Thread: rhubarb
View Single Post
  #15   Report Post  
Old 02-03-2005, 02:36 PM
Spider
 
Posts: n/a
Default


Kay wrote in message
...
In article , Spider
writes

Kay wrote in message
...
In article , Spider
writes

b.cumisky wrote in message
...
Can someone please tell me what pests affect rhubarb ?

Thanks Dee Dee


Honey Fungus, though not a pest, is a potential killer. That's how I

lost
mine many years ago.

Are you sure it was honey fungus? It affects a variety of trees and
shrubs, but I wouldn't have thought rhubarb was woody enough.
--


I'm reasonably sure ...? Now you're making me wonder. Strawberries are
supposed to be troubled by it, though, and they're not woody. Perhaps
another urgler knows for sure?

Just to make sure we're talkingabout the same thing - what I know as
honey fungus is Armillaria mellea, pictured he

http://www.nifg.org.uk/armillaria.htm

which is one of our commonest fungi and lives on wood.

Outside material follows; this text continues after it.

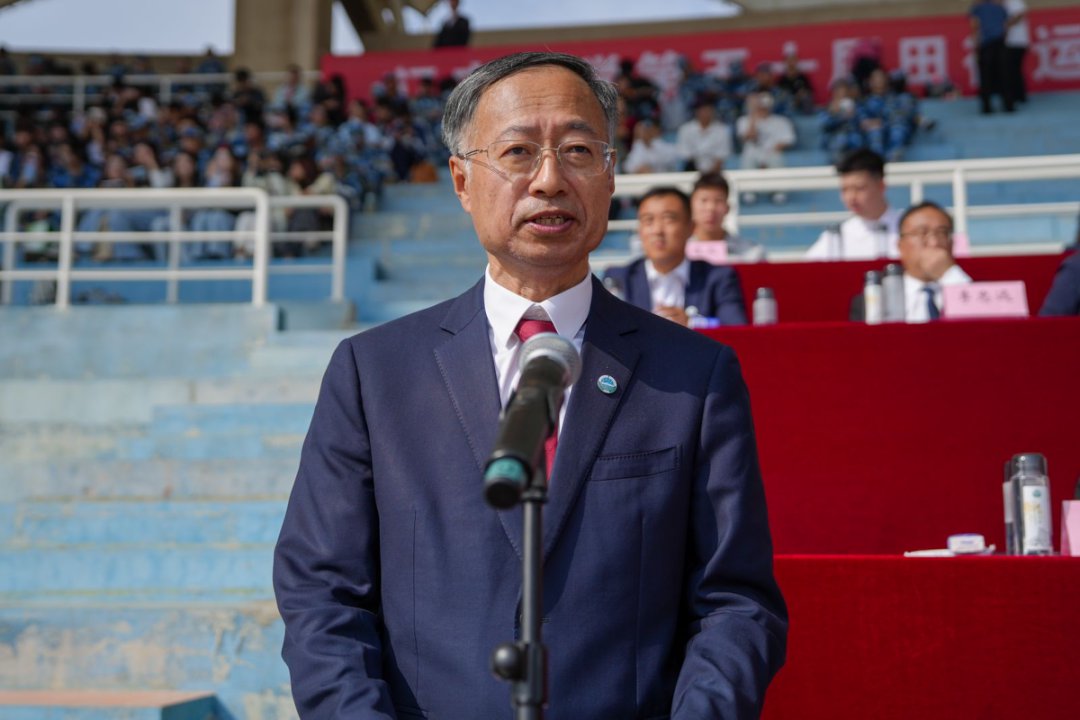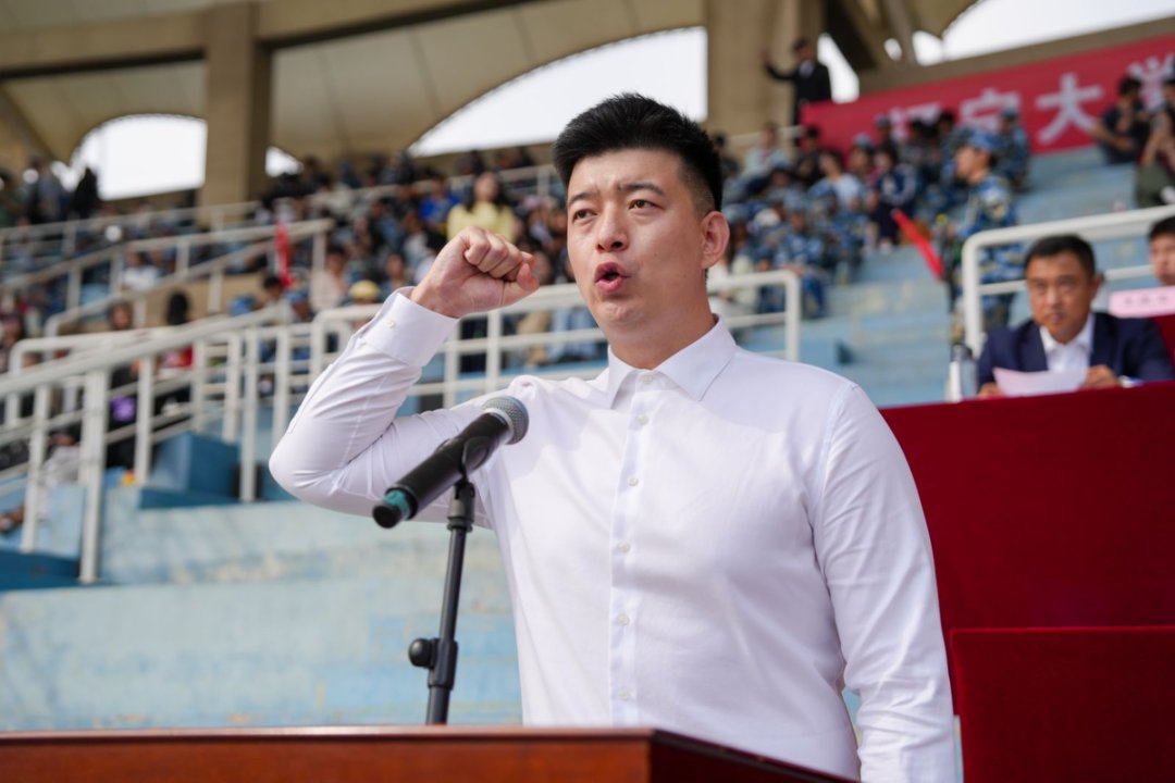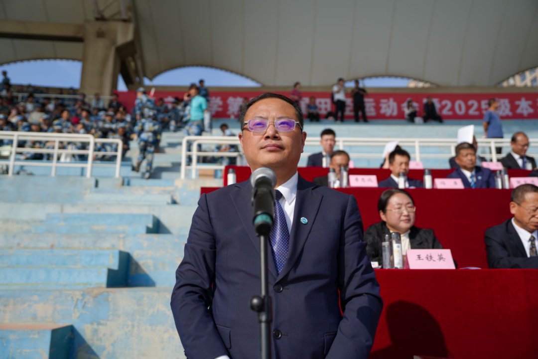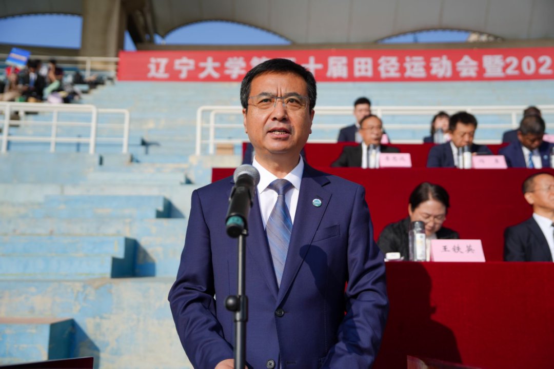 他强调,体育是“五育并举”的关键一环,更是铸就健全人格、激扬奋斗精神的重要路径。学校近年来系统构建“以体育人”培养体系,成效逐步显现。从上学期深受欢迎的毕业健康跑,到即将启动的迎新健康跑,从“金球节”到各类体育社团,体育已深深融入辽大校园文化肌理。他希望大家以第五十届运动会为新起点,把赛场上的拼搏精神、协作意识和时间观念融入学业与人生规划,坚持每天锻炼一小时,让运动成为生活的一部分,让健康成为奋斗的底色。在运动中锤炼意志、健全人格,真正成长为与时代同频共振、与家国命运与共的栋梁之材!

However, one lives and learns, and a web search revealed:

http://www.bspp.org.uk/icpp98/6/84.html

which describes using strawberries as a test bed for Armillaria control,
not, however, because Armillaria is a big pest of strawberries, but
because they are, as you say, susceptible to it and pot grown
strawberries are a convenient size for experiment.

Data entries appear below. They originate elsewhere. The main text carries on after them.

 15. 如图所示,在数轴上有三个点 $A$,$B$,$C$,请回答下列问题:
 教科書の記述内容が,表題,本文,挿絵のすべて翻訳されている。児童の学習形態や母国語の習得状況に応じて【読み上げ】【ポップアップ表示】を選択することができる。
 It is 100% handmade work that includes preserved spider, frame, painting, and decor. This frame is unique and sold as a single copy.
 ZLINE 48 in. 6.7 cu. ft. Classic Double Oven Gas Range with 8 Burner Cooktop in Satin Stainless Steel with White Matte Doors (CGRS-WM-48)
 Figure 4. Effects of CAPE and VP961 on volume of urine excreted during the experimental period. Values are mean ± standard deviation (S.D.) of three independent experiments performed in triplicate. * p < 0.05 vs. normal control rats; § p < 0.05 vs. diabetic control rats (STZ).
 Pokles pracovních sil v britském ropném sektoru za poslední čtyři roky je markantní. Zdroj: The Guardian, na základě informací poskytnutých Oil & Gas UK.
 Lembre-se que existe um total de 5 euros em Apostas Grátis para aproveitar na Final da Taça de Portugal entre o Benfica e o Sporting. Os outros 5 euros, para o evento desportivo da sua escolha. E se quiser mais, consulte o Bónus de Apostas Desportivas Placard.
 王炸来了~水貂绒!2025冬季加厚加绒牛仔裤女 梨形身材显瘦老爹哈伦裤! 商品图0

So, faced with that I did two further searches, on "Armillaria mellea"
and rhubarb, and on "honey fungus" and rhubarb, and threw up just two
references to honey fungus attacking rhubarb, for example the following
from 'Wigan today'

"Given a yearly dressing of manure, one crown of rhubarb should last 10
years before it needs replacing, although occasionally some plants do
fall foul of diseases such as crown rot and, even more occasionally,
honey fungus. The only solution to either problem is to dig up the
rhubarb and burn it. Don't grow a new crown in the same site."

--
Kay
"Do not insult the crocodile until you have crossed the river"


Thanks Nick and Kay,

That's most interesting. I'm fairly sure I have some form of Armillaria in
my garden - on Sycamore stumps, for starters. The doomed rhubarb was near
the site of a previous stump (probably Prunus sp.), but I saw no fruiting
bodies. However, it and the ground reeked deeply of mushroom after I dug it
up and there was a deep layer of white mycelium beneath the rhubarb. I saw
no sign of 'bootlace' strands.

Unfortunately, before I learned that a neighbour had Honey Fungus in their
garden (identified by a tree surgeon), I accepted a shrub sucker from his
garden. I am not unduly worried about Honey Fungus, because a different
tree surgeon assured me that a) there were many more benign strains and b)
that I grew so many trees and woody plants in my garden (he nearly got
excited!) that I was fairly safe - in the way that woodland is fairly safe
and/or copes with Armilllaria and other fungi.

To pick up the OP's thread, I am seriously considering growing Rhubarb again
(in a different part of the garden), so I'll be watching out for the slugs
and snails mentioned by another urgler.